Minke whale and cow possessed the most abundant AHTP hits (60,820 and 61,028, respectively) and mapped proteins (25,079 and 25,012, respetively), while the Chinese white dolphin had the least with 27,260 hits in 18,387 mapped proteins (Table 2). However, their mapping rates were at a narrow range from about 0.62 to 0.67. Average AHTP numbers of all mapped proteins in the five mammals were also between 2.3 and 2.5. Our mapping results revealed that titin and collagen type IV alpha protein were at the top with the most abundant AHTP hits in these mammals (Table S7), which is consistent with our previous report in 18 fishes [34]. It therefore seems that the occurrence of AHTPs on their mapped protein sequences may be highly conserved among vertebrates, which may suggest conservation of AHTP-dependent antihypertensive mechanisms in various animals.
Generally speaking, the minke whale mapped more collagen subunit proteins than the other four mammals, although the Chinese white dolphin had 48 mapped collagen subunits (Table 2). The longest peptide, KGYGGVSLPEW, isolated from whole whey proteins, was only identified in the lactalbumin alpha protein of cow in this study. Our data consolidate the reliability of our genomic approach in high-throughput discovery of bioactive peptides.
Functional annotation of AHTP-containing proteins revealed a similar distribution pattern in the five examined mammals (Figure 7, Table S8). However, the annotated protein number of cow in each functional category far more exceeded that of the others. It seems that their functions focused on metabolic process and regulation of biological process; that is, they were mainly components of cells, membranes and organelle parts, and possessed binding and catalytic activity in a molecular function term. These results proved that the categories of AHTP-containing proteins in the five mammals were much similar, which conforms to their similar mapping rates at the whole proteome level. Although these mammals are from different habitats, our comparisons of AHTPs and AHTP-containing proteins support the high conservation between aquatic and terrestrial animals.

3. Discussion

Previous researches have indicated that expanded gene families to some extent may reflect specific physiological adaptation and special traits in the studied lineages [35]. The cetaceans that live in offshore environments may often face many physiological challenges, such as sensory disruption. They have to evolve and reserve some special characters to adapt to various conditions. An expansion of gene families related to nervous and sensory systems was found in the Chinese white dolphin ([21] and this study), suggesting that this marine mammal has developed a very sensitive sensory system for anthropogenic or prey pressures.

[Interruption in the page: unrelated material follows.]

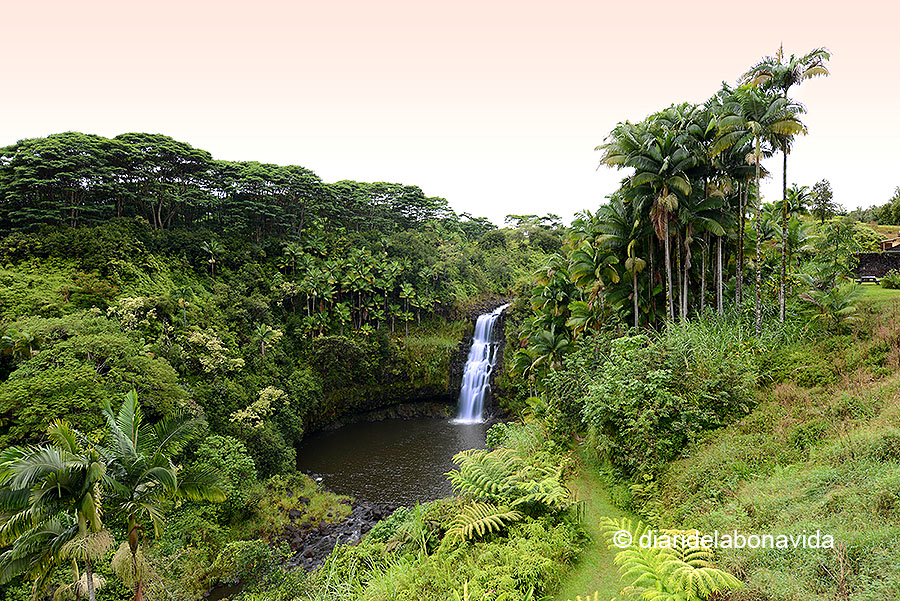 Comencem a encarar cap a la ciutat de Hilo, la capital, ja que avui dormirem a prop de l’aeroport per agafar el vol demà al matí, ben d’hora. Tornarem a canviar d’illa. Pel camí, parem a Waimea, en un centre comercial molt maco per comprar alguna cosa per beure. Continuem per la carretera 19, cap al nord, i trenquem per la Hawai’i Belt Road, vorejant la Hamakua Coast. És una carretera amb bones vistes de la costa i “boscos” de palmeres que creiexen moooltíssim cap al cel en zones de molt difícil accés. Aquí hi plou força i les palmeres ho noten, i molt!

We also identified some expanded gene families involved in DNA replication and repairing, indicating that the Chinese white dolphin may have a great capacity to replicate and repair DNA due to the potential serious damages from a high level of UV stimuli in tropical regions and nearshore environments. These data are consistent with the previous genome report of the Chinese white dolphin [21].
Our genome assembly of the Chinese white dolphin also provides a valuable genetic resource for AHTP research in aquatic mammals for the first time. The comparisons in this study among the five representative mammals, including the terrestrial cow, marine minke whale, freshwater Yangtze River dolphin, as well as the epipelagic bottlenose dolphin and Chinese white dolphin, showed that AHTPs in these mammals were highly conserved. In our previous study of AHTPs in whole proteome datasets of 18 fish species [34], we also observed a conserved mapping pattern.
The living conditions of these examined mammals have no obvious association with the amount of AHTPs. The mapping rate and average AHTP hit number of each mapped protein were similar in this study. Collagen subunit proteins among the longest proteins possess the top abundant AHTPs here (Table S7), especially for the type IV alpha 5 (col4a5) and type VIII alpha 1 (col8a1) subunits from both our studies of fish and mammals. Moreover, the most abundant AHTP categories involved GLP, LGP and VSV in the five examined mammals. We previously found that Atlantic salmon had the most abundant AHTPs in comparison with other fishes [34]. In this study, cow and minke whale had an equal high level of AHTP hit numbers. These AHTP-containing proteins were reported to participate in multiple biological and metabolic functions. Several mechanisms contribute to the maintenance of blood pressure, at steady state and during diving [36]. Thus, the richness of collagen subunit proteins in the minke whale (Table 2), the longest diving cetacean among the analyzed species, may suggest their importance towards adaptation to diving-induced hypoxia [37]. These proteins are also a potential resource for development of AHTP-based marine drugs.

4. Materials and Methods

4.1. Sample Collection and Preparation

A cell line derived from the skin of a Chinese white dolphin was prepared as we reported previously [25]. The skin sample was collected by using a noninvasive method from a male adult individual, which was rescued for rehabilitation from an animal live-stranding event in a shallow river near Foshan City, Guangdong Province, China. Under the permission of the Pearl River Estuary Chinese White Dolphin National Nature Reserve (No. 2017A030308005), we obtained assistance from local veterinarians to collect samples. The sampling site on the dolphin’s back was sterilized by surgical cottons with 70% alcohol, and the tissue fragments were sheared off aseptically by scraping with a blade. The wound (approximately 0.2 cm2) was treated immediately with haemostatic and anti-inflammatory ointments. The skin tissue was immersed into Dulbecco’s modified Eagle’s medium (DMEM; ThermoFisher Scientific, Waltham, MA, USA) including penicillin (100 U/ml), streptomycin (100 μg/ml) and amphotericin B (5 μg/ml), and then immediately transported on ice within 2 h to our laboratory for a subsequent cell-line preparation [25].
Genomic DNA was extracted from cells using a Tissue DNA Kit (Omega, Norcross, GA, USA) according to the manufacturer’s protocol. All experiments were performed in accordance with the Regulations of the Animal Ethics Committee and were approved by the Institutional Review Board on Bioethics and Biosafety of Sun Yat-Sen University, China.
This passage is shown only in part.